Stored records:
***
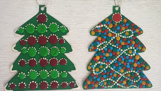 Новогодние ёлочки из пластилина на цветном картоне. Пошаговая инструкция с фото для детей.
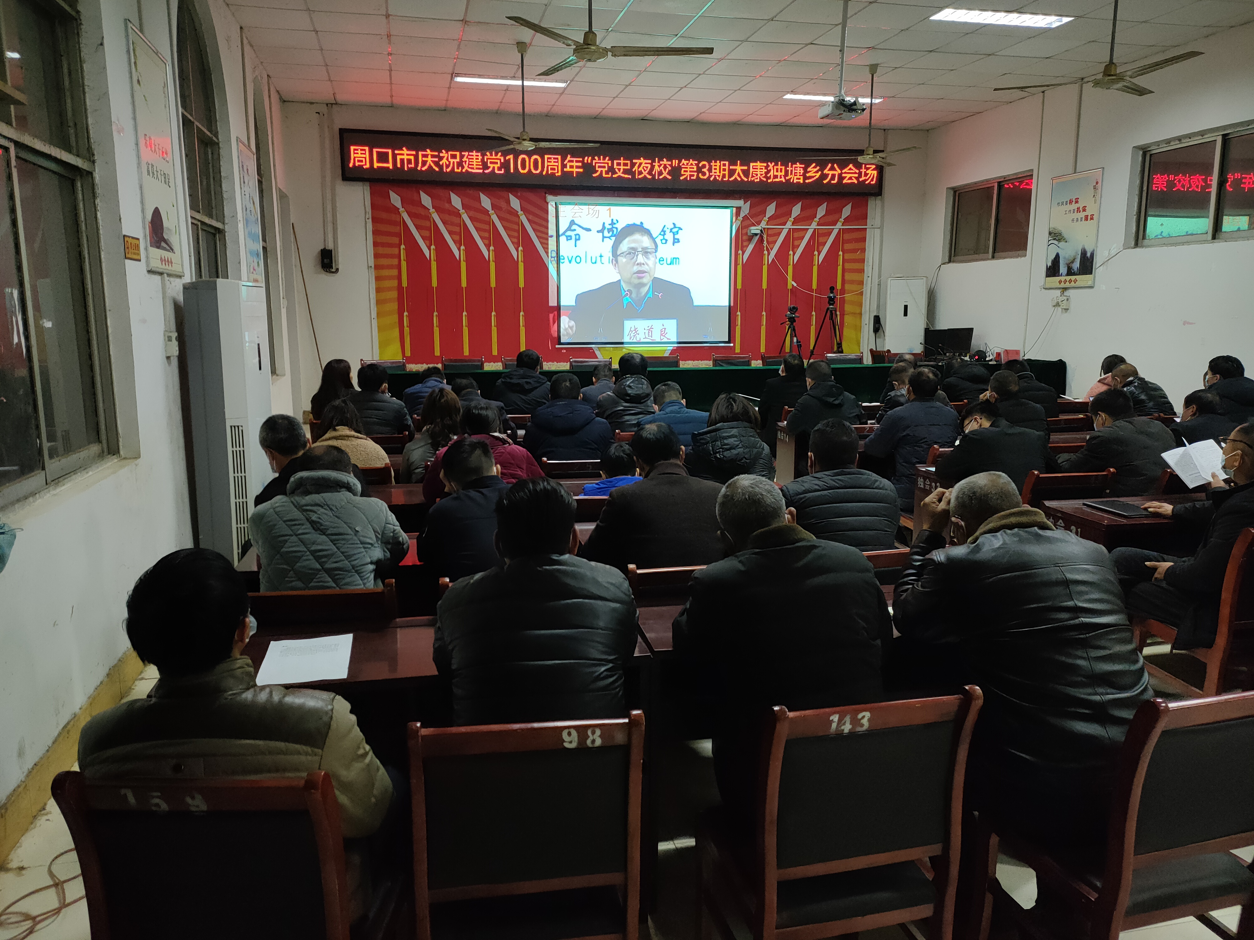 3月18日晚,周口市舉辦慶祝中國共產黨成立100周年“黨史夜?!钡谌趯n}講座。太康縣獨塘鄉(xiāng)組織鄉(xiāng)領導班子、鄉(xiāng)政府機關黨支部全體黨員、34個行政村支部書記、鄉(xiāng)直機關負責人、各行政村全體黨員、兩委干部在鄉(xiāng)政府會議室和各行政村分會場收聽收看。
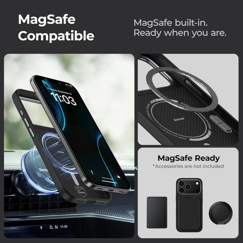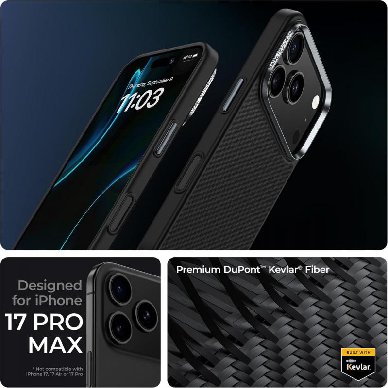 Pagamintas iš patvaraus 600D Kevlaro pluošto ir TPU apsauginio rėmelio, kartu su novatorišku smūgius sugeriančiu dizainu, šis dėklas suteikia išskirtinę apsaugą „iPhone 17 Pro Max“. Unikalus aliuminio kameros rėmelis ir 360° smūgiams atsparios oro pagalvės efektyviai sugeria smūgius, todėl jūsų įrenginys išlieka saugus net po kritimo.
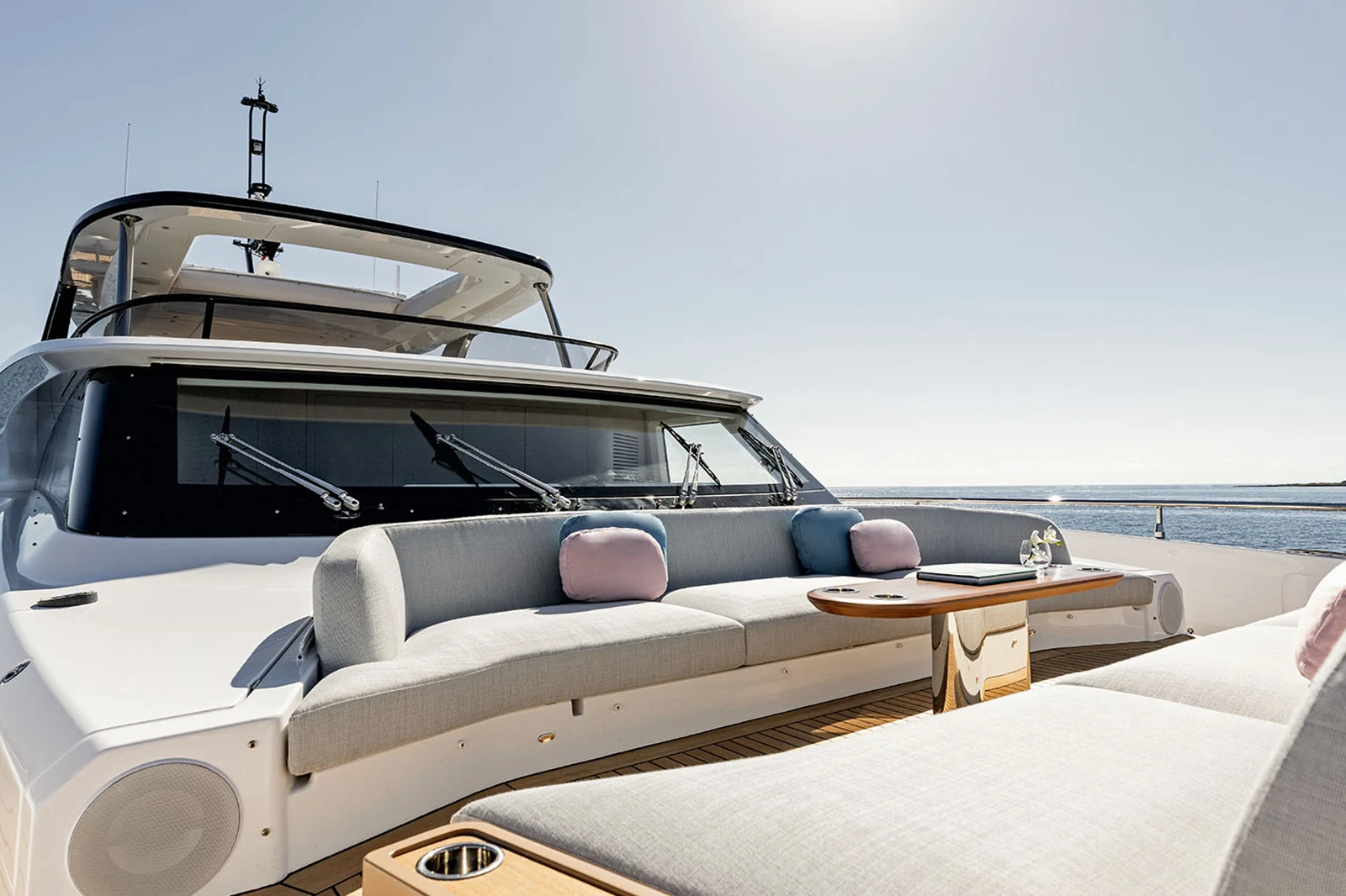 The proposition met an enthusiastic reception right from the start, with 22 units of the Grande 26M already sold. When it refers to a yacht, the term ‘super’ identifies specific characteristics, which the Grande 26M delivers through smart design choices that reflect the expectations of demanding owners in terms of the onboard experience: 5 cabins, including the full-beam owner’s suite on the main deck, and completely separated guest and crew flows. These distinctive features and the huge flybridge – 50m2 all on the same level – have never been seen before on a yacht this size. In the words of Alberto Mancini, the designer of the Grande 26M’s exteriors: “The project was driven by the enthusiasm to create a compact superyacht, with five cabins, an enormous flybridge and a larger cockpit than usual for the category, which we wanted to extend to give the yacht a fullyfledged dining area overlooking the water.”
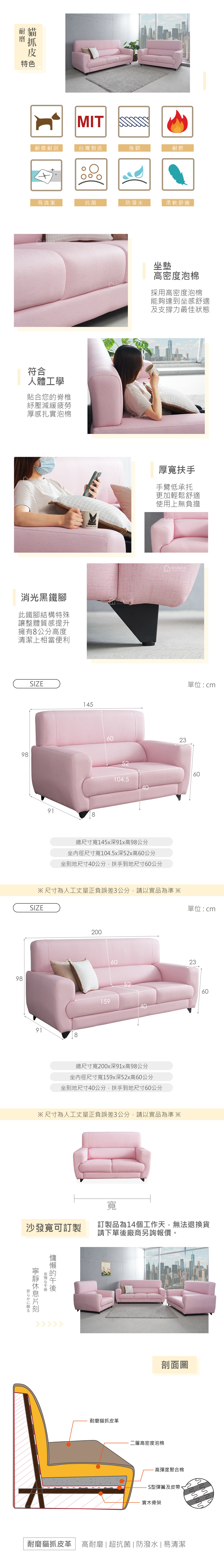 尺寸:二人座-寬145x深91x高98公分、三人座-寬200x深91x高98公分
***
# Task to complete
Nothing but the lines from the first line of the data through the line with "Pagamintas iš patvaraus" belongs in the answer, copied exactly and without pictures.

# Output of the exercise
 Новогодние ёлочки из пластилина на цветном картоне. Пошаговая инструкция с фото для детей.
 3月18日晚,周口市舉辦慶祝中國共產黨成立100周年“黨史夜?!钡谌趯n}講座。太康縣獨塘鄉(xiāng)組織鄉(xiāng)領導班子、鄉(xiāng)政府機關黨支部全體黨員、34個行政村支部書記、鄉(xiāng)直機關負責人、各行政村全體黨員、兩委干部在鄉(xiāng)政府會議室和各行政村分會場收聽收看。
 Pagamintas iš patvaraus 600D Kevlaro pluošto ir TPU apsauginio rėmelio, kartu su novatorišku smūgius sugeriančiu dizainu, šis dėklas suteikia išskirtinę apsaugą „iPhone 17 Pro Max“. Unikalus aliuminio kameros rėmelis ir 360° smūgiams atsparios oro pagalvės efektyviai sugeria smūgius, todėl jūsų įrenginys išlieka saugus net po kritimo.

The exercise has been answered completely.